Engagement and Readiness
FACTs can provide an opportunity to activate student thinking, develop curiosity, and stimulate interest in the content of a lesson. One widely accepted role of any teacher is that of student motivator (Osborne & Freyberg, 1985). Several of the FACTs involve interesting situations that capture students’ attention and trigger their thinking. Most students come to school ready to learn but with different social, cultural, educational, and real-life experiences. Various FACTs can reveal information about students’ diverse backgrounds that affect their readiness to learn. The information is used by the teacher to determine supports and provisions that may be necessary to help students succeed in their classroom learning environment. Examples from Chapter 4: Familiar Phenomenon Probes, Interest Scale, or Learning Goals Inventory.
Eliciting Prior Knowledge
Drawing out the initial ideas students have developed through their prior experiences, intuition, and encounters with familiar phenomena provides a starting point from which the teacher can design instruction that will build from students’ ideas. Probing students’ thinking allows teachers to determine where and how ideas may have developed and inform the types of instructional experiences that can build a bridge between where the students are in their understanding and the scientific view of the content they are learning. Elicitation strategies promote thinking by safely surfacing ideas in a nonjudgmental way. Discussion that accompanies elicitation allows students to share their thinking with others, which further challenges students’ thinking as they evaluate their peers’ explanations and arguments. Examples from Chapter 4: Friendly Talk Probes, Commit and Toss, or Card Sorts.
Exploration and Discovery
The exploration and discovery stage can involve direct experience with physical objects or processes, obtaining information and citing evidence from text, or uncovering ideas in discussion with peers. This stage can include FACTs that ask students to make predictions or claims that initiate scientific inquiry through investigation. Providing opportunities to justify and then test or gather information related to disciplinary core ideas gives students an opportunity to use evidence to support or change their initial ideas. This period of exploration and discovery allows the teacher to determine the kinds of understandings and questions students have before developing more structured opportunities for formalizing learning. During this stage, FACTs can also reveal how well students are responding to the activities, considering ideas of others, and whether their original ideas have been challenged based on the evidence gathered during their exploratory experiences. Assessment during this stage gives students a chance to share their developing ideas in a nonjudgmental environment for feedback from the teacher and peers. Selected FACTs expose students to others’ ideas and thereby help them refine or revise their own thinking, which subsequently informs instruction when shared with the teacher. Examples from Chapter 4: A&D Statements, P-E-O Probes, or Concept Card Mapping.

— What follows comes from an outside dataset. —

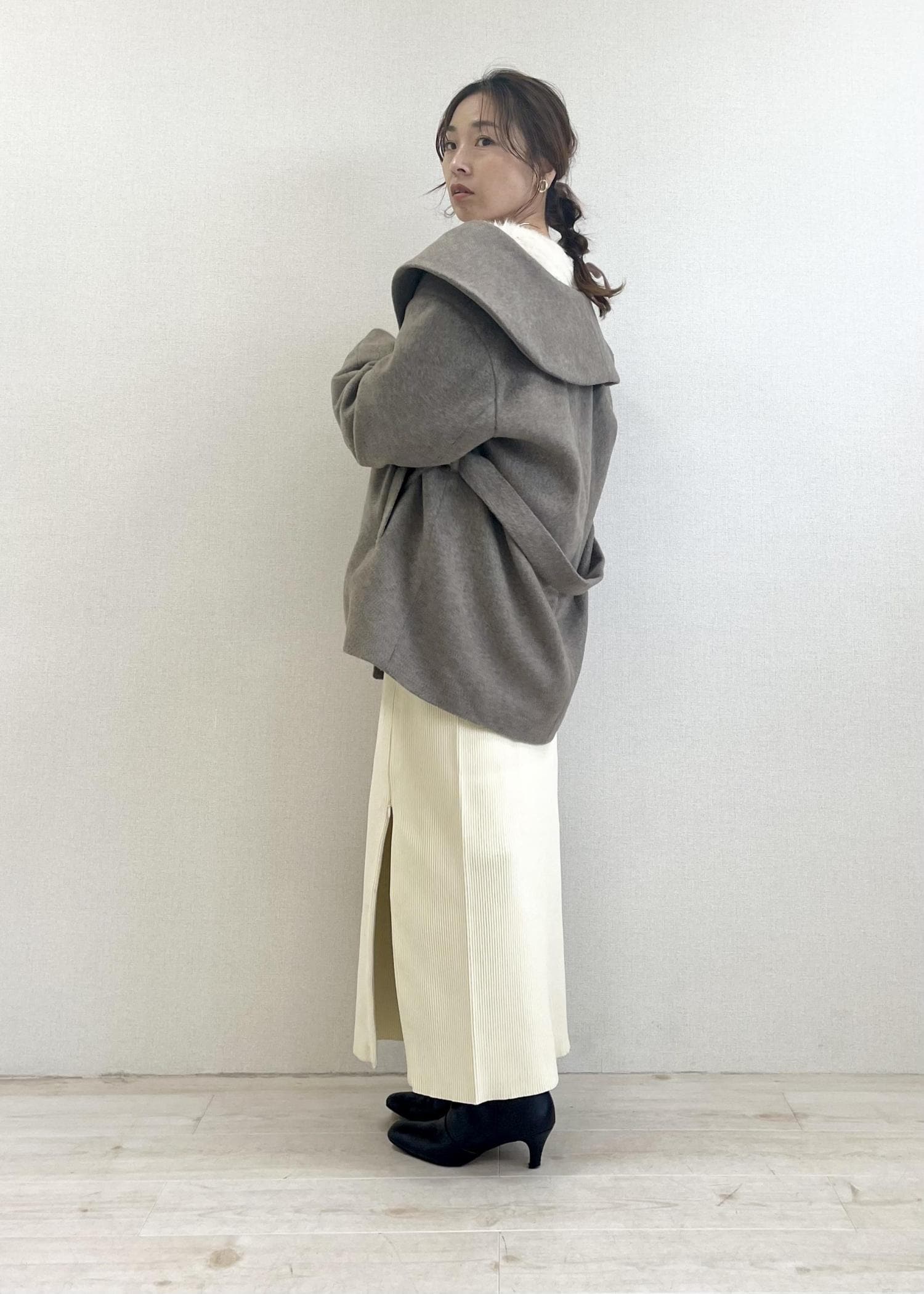 ベージュとホワイトのワントーンコーデで冬らしく♡ 小物でブラックを使って可愛らしさだけでない大人な雰囲気も アウターはリボンの使い方次第で雰囲気も変えられ、襟元はショールカラーのデザインでアクセントをプラス☺︎ こちらのスタイリング気に入っていただけたらお気に入り登録よろしくお願いいたします♡ LINEで在庫のお問い合わせや商品、コーディネートのご相談など是非お気軽にお問い合わせくださいませ。 LINEでルミネ大宮VISスタッフにご相談は【友だち追加】をタップ!!

Concept and Skill Development
Assessment of conceptual understanding and use of skills, including the scientific and engineering practices during sense making, clarification, and development of formal concepts and processes, helps both reinforce the learning for students and uncover any difficulties in understanding or gaps that might still exist. FACTs used during this stage help teachers determine the extent to which students have grasped a concept, recognized relationships among ideas, included appropriate terminology, or successfully used a scientific or engineering practice. Results inform instruction by identifying the need for additional learning experiences and opportunities to build more solid understandings of content, indicating readiness to introduce formal terminology, demonstrating ability to use specific skills and scientific and engineering practices, or signaling that students are ready to transfer their newly formed ideas to a new context. In addition, teacher-to-student and student-to-student feedback further enhances opportunities to build and solidify conceptual understanding and utilize the scientific and engineering practices. Examples from Chapter 4: Refutations, Scientists’ Ideas Comparison, or Odd One Out.

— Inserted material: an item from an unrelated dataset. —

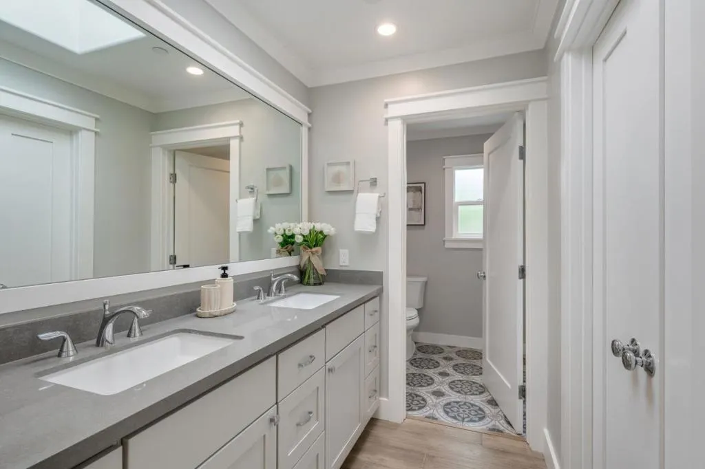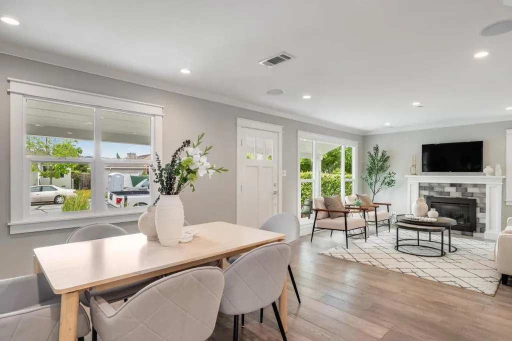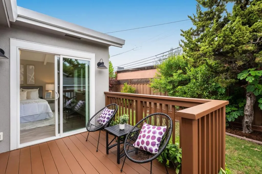 Where form, function, scale, and light seamlessly coexist, this extensively renovated 4BR/2BA showpiece in San Mateo Village offers a transformative living experience. Elegantly composed and spanning approximately 1,536 SF, the refined floor plan is elevated by wide plank flooring, crown moldings, premium millwork, contemporary fixtures, and a designer color palette. The spacious living room flows effortlessly into the dining area and ideally positioned kitchen, beautifully appointed with quartz countertops, shaker cabinetry, a gas range, and stainless-steel appliances. Privately situated, the magnificent primary suite is distinguished by a soaring cathedral open-beam ceiling, direct access to the rear deck, a walk-in closet, and a sumptuous bath featuring a skylight, dual vanities, and an impressive, oversized shower. Three additional bedrooms, a full bath, a laundry room, and an attached one-car garage complete the interior. Outside, an inviting lounging terrace transitions seamlessly to a pergola-covered dining pavilion with integrated heaters, a built-in barbecue, and an artisan pizza oven, creating an exceptional setting for year-round outdoor enjoyment. A sizable lawn, expansive paved side yard, and storage shed further enhance the thoughtfully designed grounds.
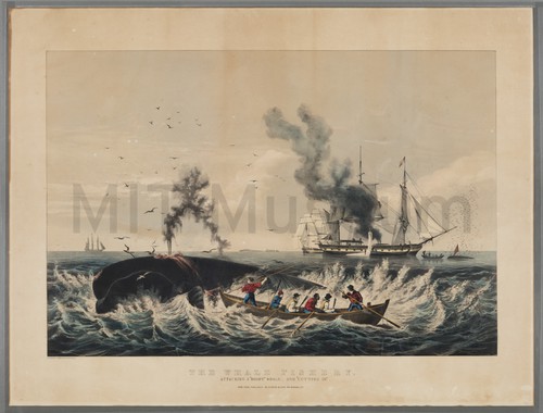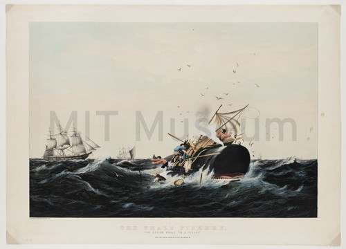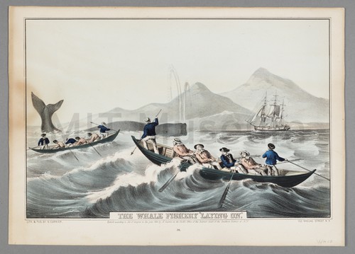 The Whale Fishery. Attacking a "Right" Whale and "Cutting In." Hand-colored lithograph depicting in the foreground men on a whaleboat harpooning a …

Concept and Skill Transfer
Assessment information at this stage is used by the teacher to address impediments that may interfere with transferring learning to a new context or introduce new, related concepts that will build more sophisticated understandings. Assessment information is used to modify learning opportunities so that students can use their newly formed or modified ideas in a new situation or novel context. Assessment opportunities provide students with a new opportunity to demonstrate how they can apply their knowledge, skills, and scientific and engineering practices. Examples from Chapter 4: Justified List, Thought Experiments, or Recognizing Exceptions.
Self-Assessment and Reflection
Encouraging self-assessment and reflection supports students in developing important metacognitive skills that help them monitor their own thinking and learning. Students learn to think about learning as well as think about thinking. The distinction here is that self-assessment helps students think about whether the content makes sense. Reflection helps them think about how they make sense of the content. Students’ self-assessments and reflections provide valuable feedback to the teacher to inform how students’ ideas have changed or deepened over the course of instruction, students’ self-awareness of their learning, and the need to further differentiate instruction for certain students who may still be struggling conceptually. Reflections on learning activities can be used by the teacher to improve an instructional unit or lesson for future classes or inform ways to resurface difficult concepts in subsequent related lessons. Examples from Chapter 4: First Word–Last Word, I Used to Think . . . But Now I Know, or Muddiest Point.
Selecting and Using FACTs to Strengthen the Link Between Assessment, Instruction, and Learning
Selecting a FACT that informs teaching and promotes learning is a first step in using assessment for teaching and learning. The following is a list of suggestions for using FACTs to strengthen the link between assessment, instruction, and learning.
1. Think like a diagnostician. Since students’ preconceptions have such a powerful influence on their learning, teachers need to continually devise ways to ascertain students’ ideas in such a way that it becomes second nature to the teacher (Osborne & Freyberg, 1985). Teachers need to take advantage of every opportunity in both individual, small group, and whole-class settings to elicit initial ideas and analyze students’ thinking. See the Appendix for resources for supporting diagnostic learning environments in science.
2. Make students’ thinking explicit during scientific inquiry. Use FACTs to draw out students’ thinking before and throughout inquiry-based activities. Encourage students to commit to a prediction, claim, or outcome, supported by evidence from prior knowledge and experiences, to construct their explanations before testing their ideas. After committing to a justified prediction, claim, or outcome, students test their ideas and compare their observations with their initial ideas. When the evidence from observation does not support their original thinking, the dissonance that results is the pivotal point in encouraging students to seek further information and engage in sense-making processes that may help them give up their former ideas to accommodate new ones.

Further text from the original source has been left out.